Next there is the supposition that others be "heard" as well. That their truth is equally important. I suppose the reference to and framing some as being "dull & ignorant" - is to emphasize that everyone has something to say -worth hearing. And that they certainly are (no matter who they are) entitled to be listened to.

I would caution the kind of judgment that would label anyone "dull & ignorant" in the first place. To cast someone in such a negative light and then in turn use that as a justification to ignore them is not okay. I would suggest that such a practice would be more indicative of the arrogance of the one doing the judging than any accurate appraisal of the one being judged.

There is no just cause to deem anyone "dull or ignorant" and certainly not to conclude they have no life experience, current views or visions for the future that could be of great value to any discussion.

They get up in the morning, put their pants on (assuming they wear pants) one leg at a time; the sun shines equally upon them, and if the two of you stand in the rain - I don't care who you are, you will get wet.

If you are so enraptured with what you perceive to be your own gifts (and believe that some how gives you an elevated status over others) this hierarchy exists only between your ears; further if it is then supposed to be just cause, to refuse to even be curious about, the gifts of another - you might consider acknowledging these gifts you wear like a badge - with a modicum of grace and gratitude. Chances are you've done little or nothing to develop them - so what makes you think, you deserve some special recognition.

Those that cast dispersions and judgement upon others are the true embodiment of dull and ignorant. It serves no useful purpose to single them out. It does merit an ongoing self-assessment for any behaviour such as this from myself. I am fully aware of the pain such behaviour causes and that is not how I want to present in the world or the contribution I wish to make.
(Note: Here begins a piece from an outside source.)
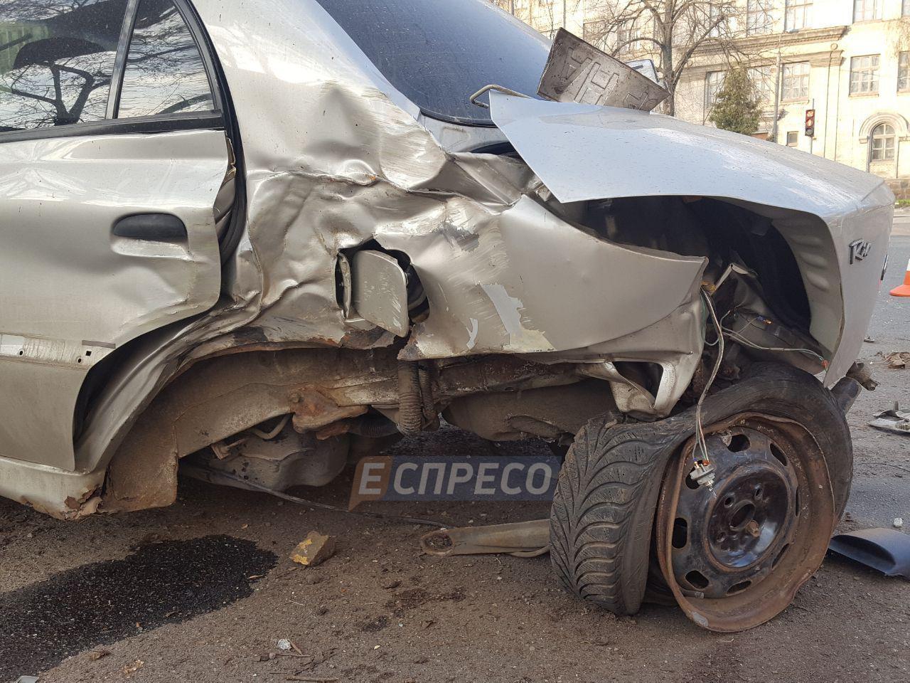 Спочатку корейське авто вилетіло на тротуар та врізалося у зупинку громадського. На щастя, суботнього ранку на зупинці людей не було, інакше могло б бути кілька жертв серед пішоходів... Далі машина від зіткнення з зупинкою підлетіла у повітря, продовжила рух і на висоті близько двох метрів врізалася лівим боком у дерево, в результаті чого в ней майже відлетіли задні колеса.

R.O'Neill (June 16,  2018)


Friday, 15 June 2018

The "Gold" Standard

My apologies for the delayed continued treatment of "Desiderata."

The next line reads:

"As far as possible without surrender, be on good terms with all persons."

Similar guidance comes via the bible - "Do unto others as you would have them do unto you."

In the case of the Desiderata, there is the added provision: "without surrender." For me, what that is suggesting is that (I) or one, not abandon themselves in order to attempt to gain or maintain the good favour of someone else. ("To Thine Own Self, Be True....") Consider how powerful and impactful societal grooming has been through espousing the virtue in being self-sacrificing. Certainly that can become a problem if taken to extremes.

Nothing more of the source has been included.